Sales reforms have achieved remarkable results, and sales of finished pharmacies have grown rapidly. By sector, revenue from finished drugs in the first half of the year was 1.301 billion yuan, up 17.13% year on year; revenue from raw materials was 0.501 billion yuan, up 5.66% year on year; and revenue from medical devices was 0.312 billion yuan, up 0.46% year on year. Sales of finished pharmaceuticals outside the hospital grew rapidly. In the first half of the year, the domestic trade market revenue of finished pharmaceuticals increased by more than 80% over the same period last year.

Increased gross margin and improved profitability. The company's 2024H1 gross profit margin was 51.57% (+1.06pct), and the net margin was 18.88% (+2.44pct).
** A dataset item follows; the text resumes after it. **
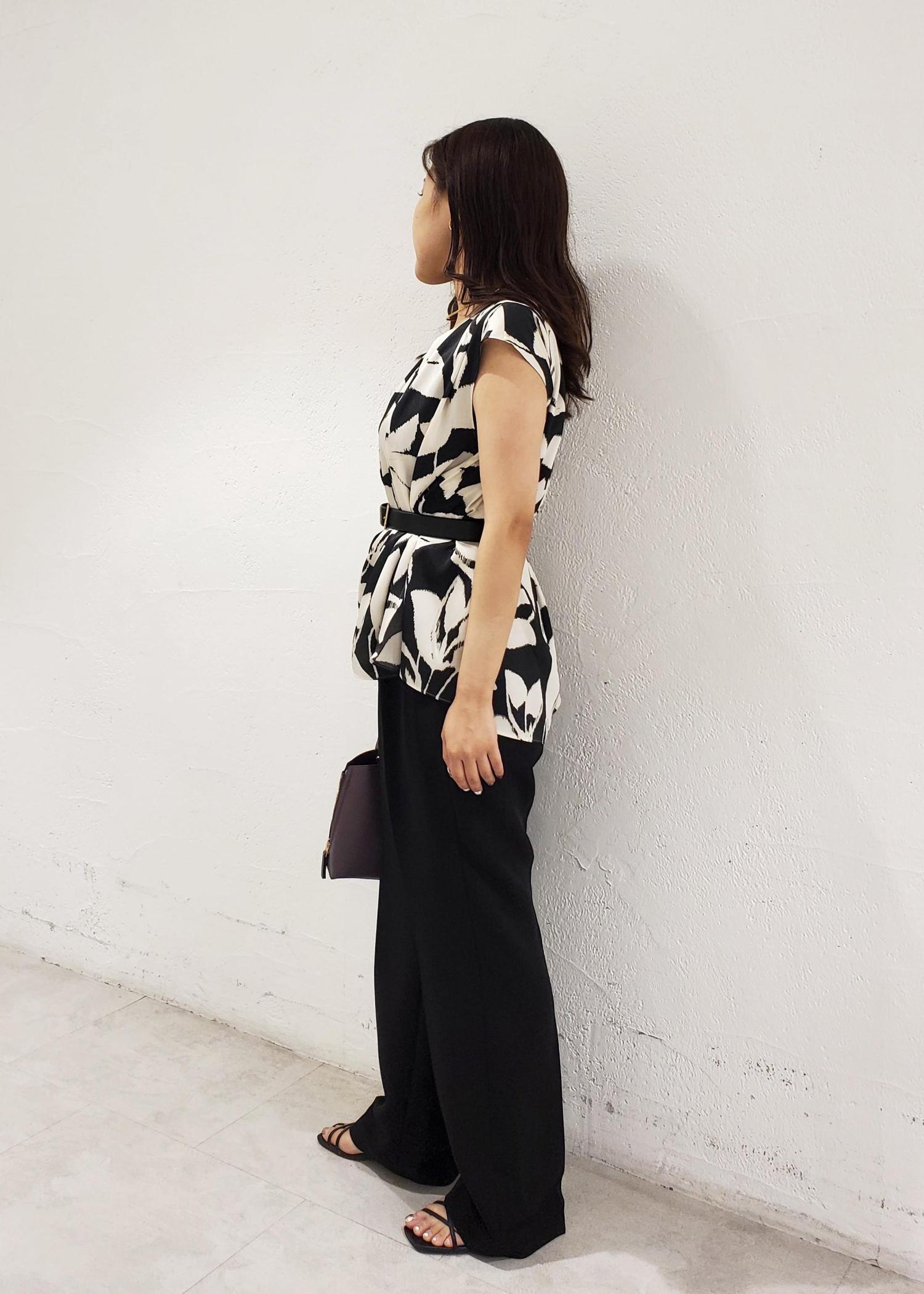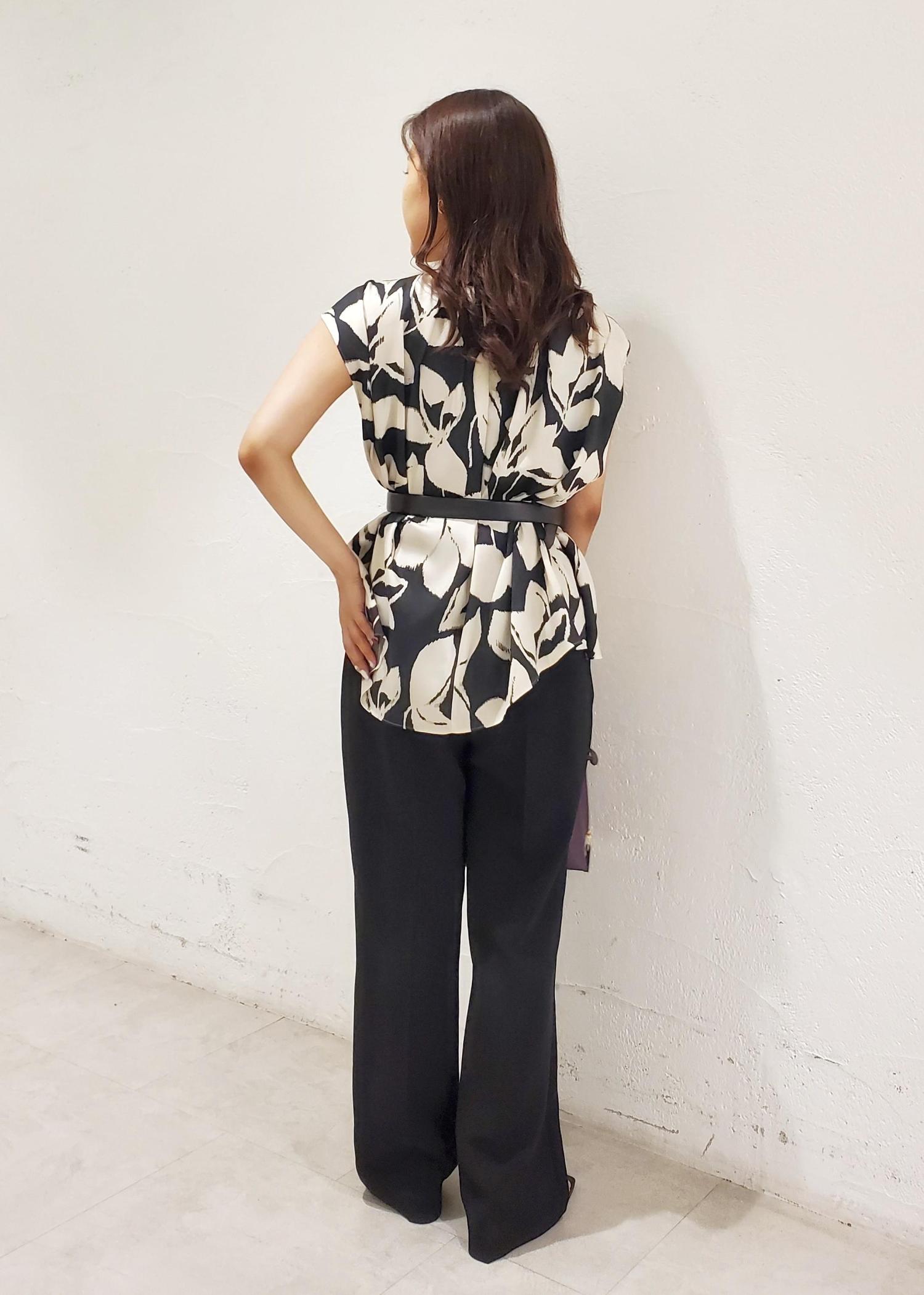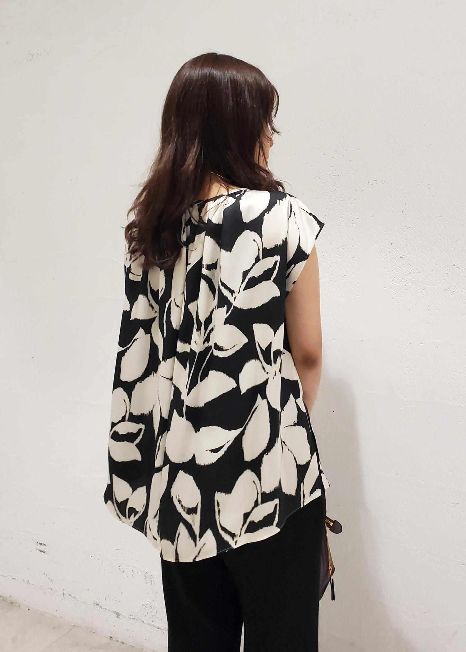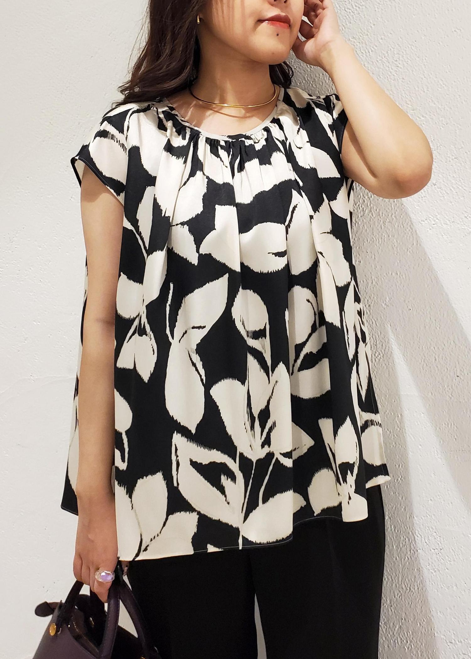 アウトレットROPÉDEVEAUXジオメトリックフラワーブラウスブラック / F¥11,550レビュー上品な光沢感があり、肌に当たるとつるっとしているので肌触り抜群です◎ポリエステル100%でしわになりにくくご自宅で手洗いできるお素材です。

We judge that the increase in the company's profitability was mainly affected by the reduction in sales expenses; the 2024H1 sales expense ratio was 17.85% (-2.72pct); the R&D expense ratio was 9.16% (+0.32pct); the management expense ratio was 5.94% (+1.47pct), and the financial expense ratio was -1.71% (+0.02pct).

Continue to improve the R&D platform and open a new era of simulation integration. The company's first innovative drug, Dacinib capsules, was officially delivered commercially on March 25, 2024. As of 2024H1, it has developed more than 200 hospitals. The company continues to lay out innovative drug research and development pipelines in the neuropsychiatric and cardiovascular fields. Currently, clinical trials of JX11502MA capsules and rehabilitation enteric capsules II are ongoing; phase I of JX2105 capsules have obtained clinical approval, and clinical phase I is progressing smoothly. As the company's innovative varieties gradually materialize, it is expected that it will continue to contribute more and more to the company's performance.

Profit forecasts and investment advice

We forecast the company's revenue for 2024/2025/2026 to be 4.46/4.912/5.353 billion yuan, a year-on-year increase of 11.54%/10.12%/8.99%. Net profit to mother was 0.698/0.788/0.92 billion yuan, up 12.71%/12.89%/16.83% year over year. Corresponding current PE is 13/12/10X. Considering the impact of the company's in-hospital collection, there is plenty of room for improvement in the out-of-hospital market, innovative drugs continue to contribute more, and maintain the “buy” rating.

Risk warning

Risk of changes in industry policies; drug development and marketing falling short of expectations; environmental risks; product sales falling short of expectations.

The translation is provided by third-party software.